In the end, protection didn't stabilize the economy, and Americans were buffeted by the same technological shocks as Europeans. Nineteenth-century America suffered from monetary crises, recessions, deflation, labor unrest, and the problems of mergers and takeovers as the industrial landscape accommodated to the changing technologies of the railroad, telegraph, and electricity. Throughout it all the nation's economy grew steadily and impressively, eventually making most people better off. America's strength lay in its ability to absorb those inevitable shocks, learn new techniques, and change to meet the needs of the time.
Though international trade may have accounted for only a small part of GNP in the 19th century, it plays a much larger role now. We no longer have an expanding frontier, and population growth and immigration do not play the same roles they once did. Today, the new frontiers are the world markets, from Europe and Japan to the growing middle classes springing up in Southeast Asia, Latin America, the Middle East, and even Central Europe and Africa.

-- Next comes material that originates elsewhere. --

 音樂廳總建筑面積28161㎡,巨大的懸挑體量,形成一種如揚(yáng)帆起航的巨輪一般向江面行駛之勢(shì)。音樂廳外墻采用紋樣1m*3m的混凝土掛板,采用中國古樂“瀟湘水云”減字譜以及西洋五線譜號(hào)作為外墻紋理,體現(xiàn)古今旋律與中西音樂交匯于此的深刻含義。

Just as with the contemporaries of the Industrial Revolution, we can't know the future that current changes are creating with certainty. We are going through difficult and exciting times but all told the United States is doing quite well. Periods of large, dramatic technological innovation are also periods of mind-boggling, even gut-wrenching changes. The open society shows the effects of those changes most rapidly and clearly. We must resist the temptation, particularly in an election year, to blame the messenger–free trade–that brings both the bad and the good news.

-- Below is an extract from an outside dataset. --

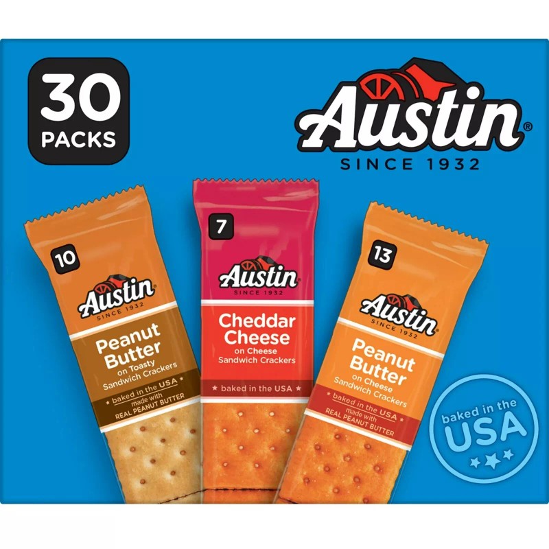 Austin Variety Pack Sandwich Crackers, Single Serve Snack Crackers, 30 Count..

The United States has adjusted to the changing state of global innovation and trade more successfully than most countries. It is now almost universally acknowledged abroad that for Europe and Japan to prosper they must become more like us. But they have postponed reform and so the will to change is weaker than ever. For example, protection of the German automobile industry from Far Eastern competition has meant slow adjustment to the needs of the world economy. Where Volkswagen was once a household word, it is now almost insignificant in the North American market and has lost thousands of workers while continuing to lose market share. The United States, by confronting the competition earlier, has seen its Big Three companies retrench and retool, and Detroit now shows record profits.

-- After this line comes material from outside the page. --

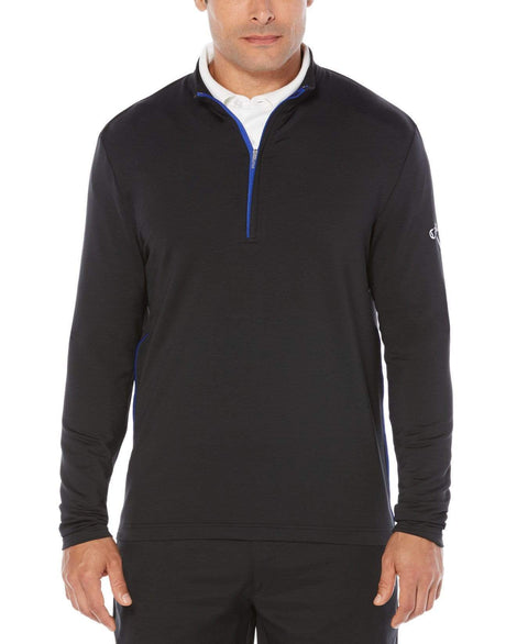 Outlast the inclement weather with style and comfort in this Callaway premium mid-layer pullover. The jacket features Outlast technology, which proactively manages the build up of heat and moisture to keep you cool in warmer weather and warm in cold weather, helping you stay comfortable day and night. Opti Dri™ moisture wicking technology pulls sweat away from your body so you can cool down in the heat, Stretch: allows you to attack the green by providing your arms the freedom to produce a fluid swing and Shield: gives your skin superior protection against the sun's UV rays.

Japanese domestic regulation and agricultural protection have driven home prices so high that the Japanese have a real standard of living half that of Americans. Their system shields an inefficient banking system that may have up to a trillion dollars in bad debts. Germany and Japan may have been lulled by their protective walls into a false sense of security and stability, little suspecting that the day of reckoning will wreak even greater havoc and make the adjustments both more urgent and more politically painful.
The most interesting times feel like the most accursed. But if history is any guide, there is as much reason to hope for still greater prosperity as there has ever been in history. It is especially surprising that Republicans would be seduced by the siren song of protection. Long concerned about the problems of overtaxing and regulating the domestic economy, they do not see that taxing and managing foreign trade suffer from the same difficulties. Both are ultimately debilitating, and in the long run, both are equally futile.
John V. C. Nye is co-director of the Institute for the Study of Economic Performance Over Time and associate professor of economics and history at Washington University in St. Louis.